VI. Answer the following questions:

1 What is a generator used for? 2. What is a transformer used for? 3. What does a transformer consist of? 4. What kinds of cores do you now? 5. How does the electromagnetic field around the primary coil change if a varying voltage is applied to it? 6. What does the va­lue of the induced e. m. f. depend upon? 7. How are transformers classed? 8. When does the inductive reactance of the transformer increase? 9. Where must air core transformers be used?

VII. Describe the structure of a transformer.

VIII. Supplementary reading. Text 10

CURRENT TRANSFORMERS

Why Current Transformers are Used. — A current transformer is an instrument transformer for the transformation of current from one value to another, usually a lower one, or for the transformation of current at a high voltage into a proportionate current at a low volt­age with respect to earth potential. Current transformers are used in conjunction with alternating-current meters or instruments where the current to be measured is of such magnitude that the meter or instru­ment current coil cannot conveniently be made of sufficient carrying-capacity. They are also used wherever high-voltage current has to be metered, because of the difficulty of providing adequate insulation in the meter itself.
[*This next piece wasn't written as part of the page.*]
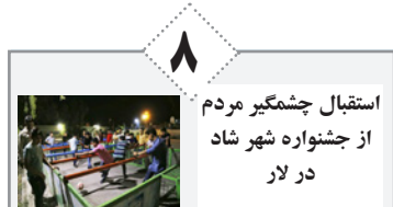
استقبال چشمگیر مردم از جشنواره شهر شاد در لار

In this connection supply voltages exceeding 660 volts are considered to be high voltage. In meter practice current transform­ers are used wherever the current to be metered exceeds 100 am­peres, and in some instances a lower value than this is regarded as the desirable maximum for direct measurement.

Construction of Current Transformers. — A current transformer comprises a magnetic circuit, usually in the form of iron stampings Assembled together to form a core, on which are wound two electric circuits called the primary winding and secondary winding respectively. The primary winding carries the current to be measured and is con­nected in the main circuit. The secondary winding carries a current pro­portional to the current to be measured and the secondary terminals are connected to the current winding of the meter or instrument. Both windings are insulated from the core and from each other. The secon­dary insulation is arranged to withstand a test pressure of 2,000 volts applied between the winding and the core for one minute. The insula­tion of the primary is arranged to withstand for one minute a test pressure applied between the primary and secondary windings approximately equal to four times the voltage existing under working condi­tions. During this test the core and the secondary winding are con­nected together.

The primary circuit of a current transformer may consist of a sin­gle conductor in the form of a bar or cable instead of a winding, when the current to be measured is of the order of 600 amperes or more. In low-voltage circuits the current to be measured may be so heavy that it is not convenient to provide a primary integral with the transformer (нелегко зробити так, щоби первинний ланцюг створював одне ціле із трансформатором)and the latter then consists of an iron core of appropri­ate shape with a secondary winding thereon, the whole being mounted on the busbar or cable. The nominal full-load current of a transformer termed the "rated primary current" and is the value in amperes of the primary current marked on the rating plate.

The secondary winding of a current transformer is usually constructed to deliver five amperes to the meter or instrument when rated primary current flows in the main circuit. This is referred to as the "rated secondary current" and five amperes is the standard value adopted in most countries. In power-station practice it is not unusual for the meter to be separated from its current transformers by a distance of several hundred feet. The PR loss in the connecting leads together with the loss in the meter current coils may impose a burden in excess of the transformer rating if a five-ampere secondary current is adhered to. By adopting a lower value for the rated secondary current the loss in the leads can be substantially reduced and one ampere or 0.5 ampere values are permissible alternatives. Since the loss varies as the square of the current the adoption of one of these alternatives will reduce the loss in the leads to one-twenty-fifth or one-hundredth of the original value respectively.

The magnetic and electric circuits of a current transformer can be rep­resented diagrammatically; the primary winding then is surrounding one limb of the core and the secondary winding surrounding another. In actual practice the two windings would not be sepa­rated in this manner as the primary would be superimposed on the secondary. The cores of current transformers are usually built up with lami­nations of silicon-steel but where a high degree of accuracy is de­sired a high-permeability nickel-steel may be used. Three types of magnetic circuit are in common use, namely, ring-type", "core-type" and "shell-type".